Fernando Rodríguez | 96.3% of the outstanding volume of Spanish fixed income with rating – 1.76 trillion euros – was Investment Grade, BBB or higher – at the end of 2020. This is only three tenths of a percentage point lower than in March of the same year, according to a study included in the CNMV Bulletin for the first quarter of this year, published recently.
The supervisor’s study concludes that “although the analysis identifies in the first months of the crisis a certain increase in the downgrades of Spanish debt ratings in certain issuers and sectors, it cannot be deduced that these are significant or generalised. This is shown by the stability of the high percentage of investment grade debt, although with a certain recomposition within this group towards the lowest rating levels.
Therefore, there is no notable deterioration in the credit quality of Spanish issuers in the context of the crisis.”
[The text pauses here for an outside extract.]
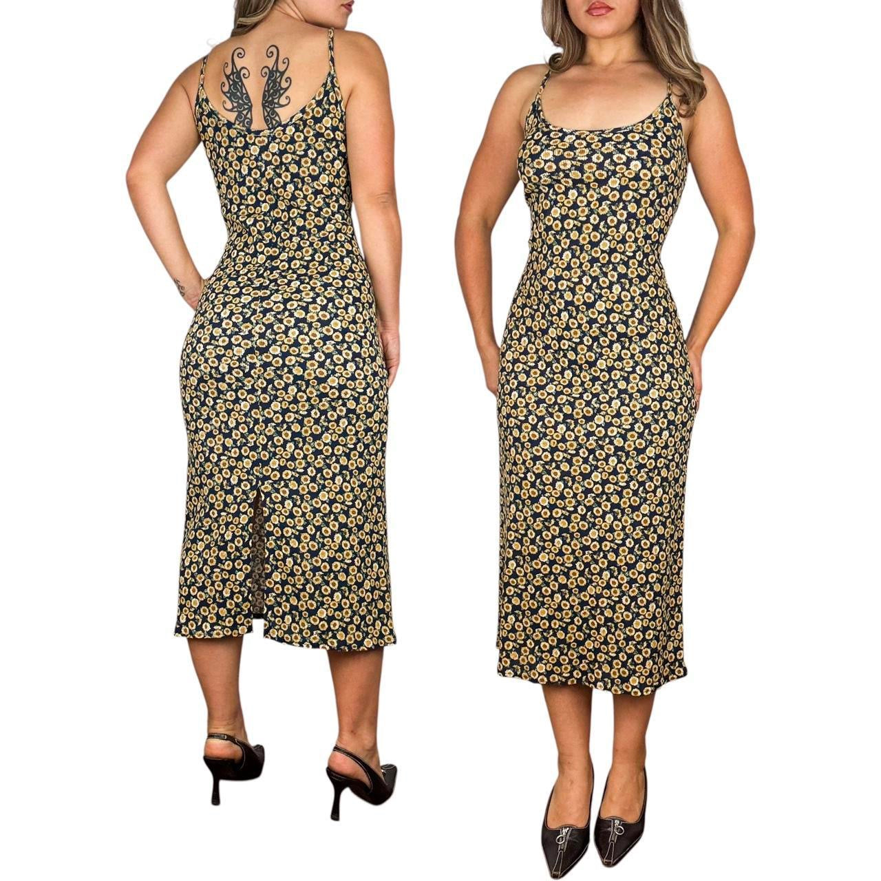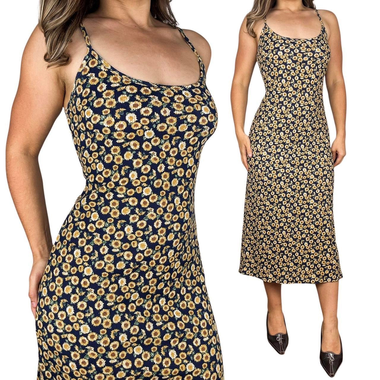 Stunning dress from the 90s featuring a darling sunflower floral print! Stretchy with a ribbed knit texture. Excellent condition.

According to the Survey, the downgrade in rating levels is explained by purely technical and not economic issues, “almost entirely due to the reduction in A and AA rated securities, due to the amortisation of central government debt in the first case and that of monetary and non-monetary financial institutions in the second.”
Nevertheless, the CNMV experts make it clear that this measure does not consider the evolution of many smaller companies that do not have a credit rating and that “may have been significantly affected by the deterioration in economic activity.”